Coffee Shape Slimmng Green Coffee Coffee Shape Slimmng Green Coffee Coffee Shape Slimmng Green Coffee

Slimming Meal Plan

A simple outline of the plan

CoffeeShape Slimming Meal PlanCoffeeShape Slimming Meal PlanCoffeeShape Slimming Meal PlanCoffeeShape Slimming Meal Plan


Your Meal Plan For Healthy Weight Loss

When you are trying to lose weight you want to take in less energy (through food and drink) than your body uses up (in metabolism and activity). You also need to eat a variety of different foods from all the different food groups to make sure that you get all the vitamins and minerals your body needs to work properly.

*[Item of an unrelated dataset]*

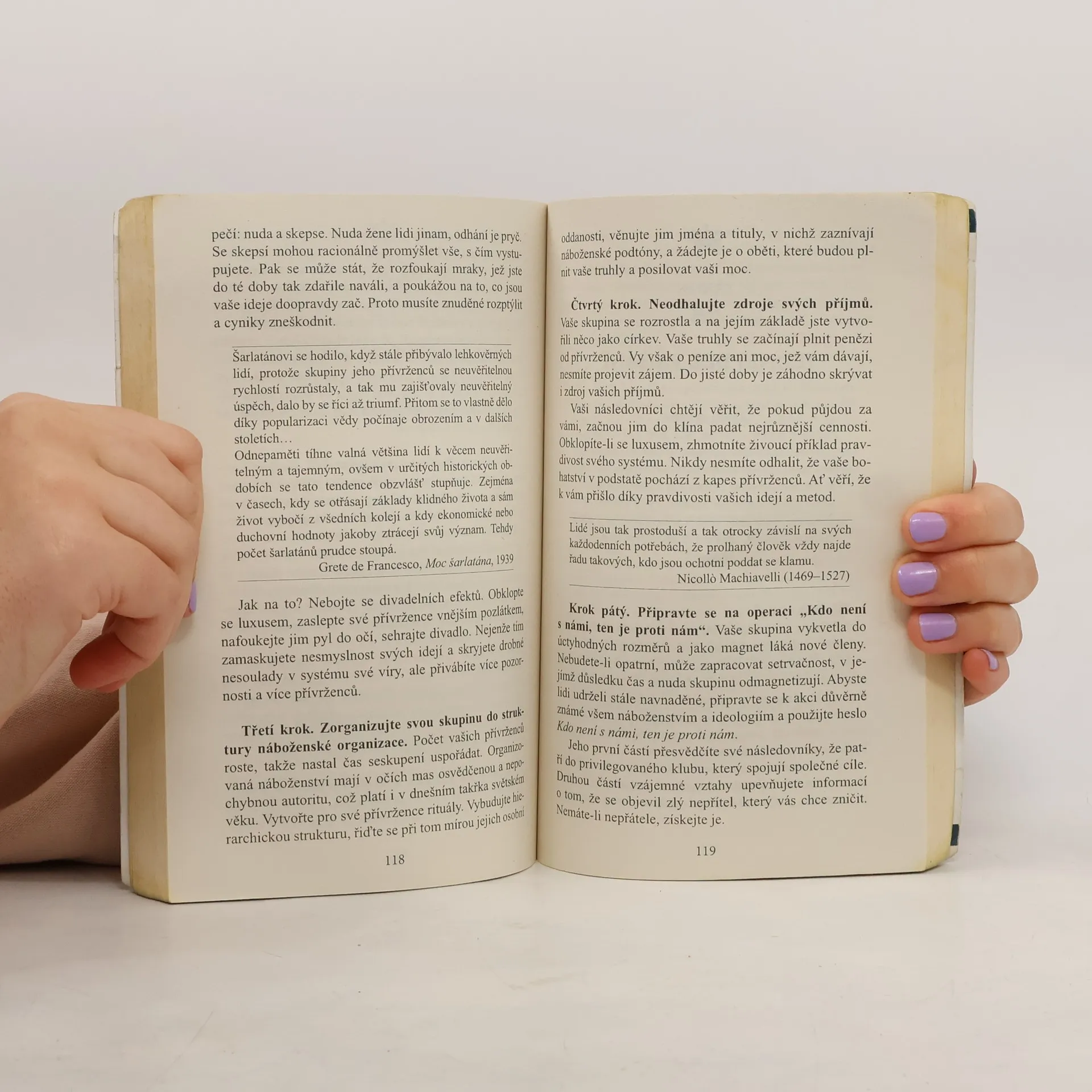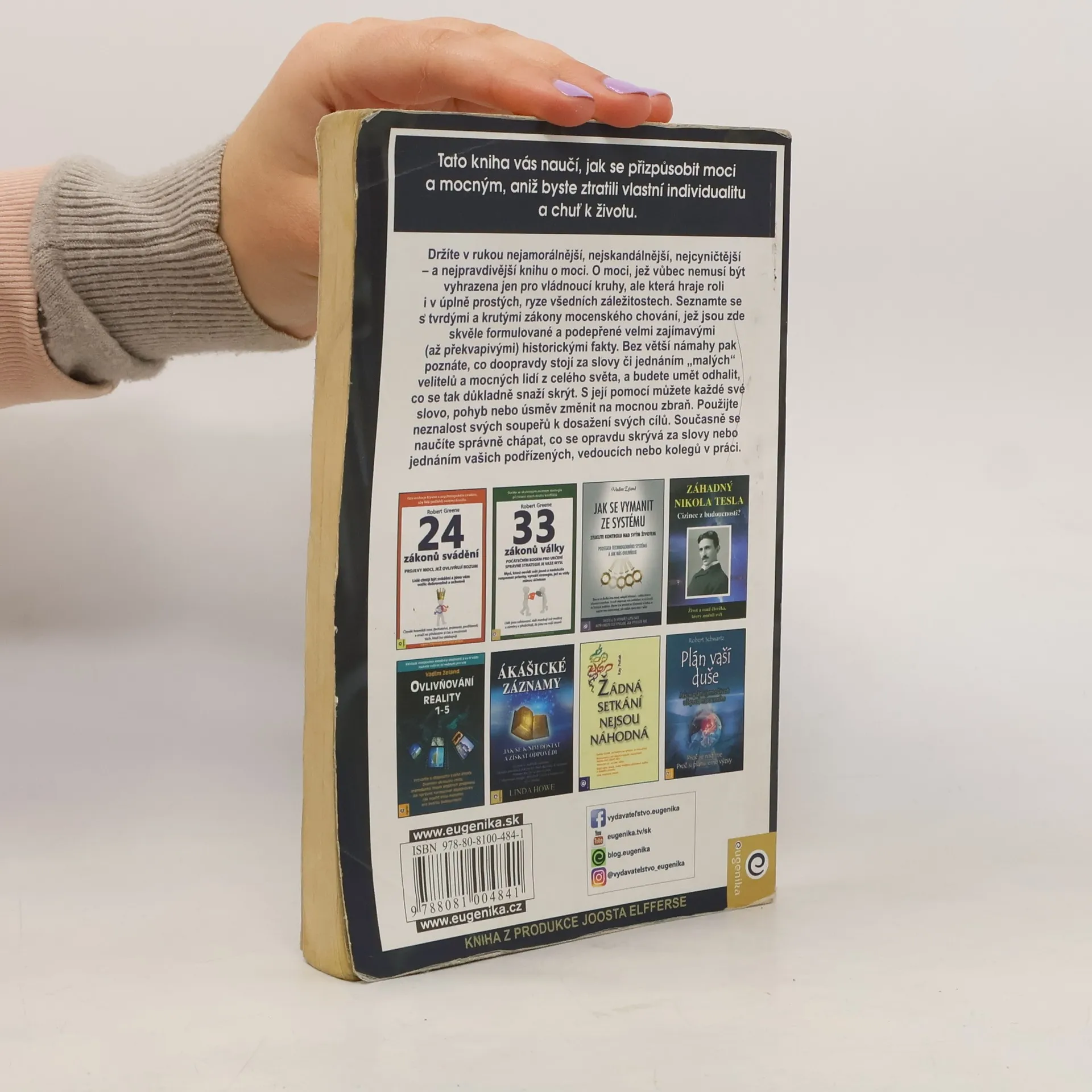 Kniha Roberta Greena z roku 1998 tematicky navazuje na Vladaře Niccola Machiavelliho a prezentuje zákony moci prostřednictvím reálných historických příběhů (např. Ludvík XIV., Talleyrand, Otto von Bismarck, Kateřina Veliká, Mao Ce-tung, Haile Selassie). Greene nechává čtenáře posoudit etiku používání těchto pravidel. Někteří ji považují za nástroj pro dosažení moci a úspěchu, jiní za praktickou příručku. Již dvě desetiletí je bestsellerem o moci a zůstává jednou z nejčtenějších knih na toto téma. Pokud se považujete za ambiciózní, kniha vás naučí rozpoznávat a ovládat myšlenky a přání druhých, což usnadní váš kariérní postup. Autor, expert na lidskou psychologii, poskytuje desítky příkladů správného jednání v konkrétních situacích a ukazuje, jak i z prohrané pozice lze směřovat k vítězství. Čtenář se seznámí s nestandardními metodami vyjednávání a řízení, přičemž každé tvrzení je podloženo konkrétními příklady. Kniha přehledně formuluje základní pravidla chování, která mají vědecký základ a doporučené postupy. S pomocí jejích rad můžete proměnit svá slova, pohyby či úsměvy na mocné nástroje. Naučíte se také správně chápat skryté úmysly za slovy a jednáním vašich kolegů či nadřízených.

This meal plan will help you to eat a balanced, healthy diet, while still losing weight. If you eat according to this plan you will get about 6000kj (1500 calories) of energy per day. If you are very tall, very active or very overweight, you may need to add in another snack or two when you first start this meal plan, so that you don’t get too hungry.
You should try to stick to the plan as closely as possible and make sure you don’t skip meals. Have breakfast, morning tea, lunch, afternoon tea, dinner and dessert.

 

What is GI and why is it important?

When you eat carbohydrates, your body breaks them down into glucose, which is a simple sugar. Different carbohydrate foods are broken down by the body at different rates.

GI stands for glycaemic index. It is a measure of how quickly carbohydrate foods are broken down into glucose. High GI carbohydrate foods are broken down quickly, causing a quick rise in blood glucose levels. Low GI carbohydrate foods are broken down more slowly, causing a slower and more sustained release of glucose into the bloodstream.

Eating low GI foods helps with weight loss, because they keep you feeling satisfied for longer. Try to mostly choose carbohydrates that are low GI.

The Glycemic Index, Sydney University Glycemic Index Research Service (SUGiRS) will help you find low GI foods.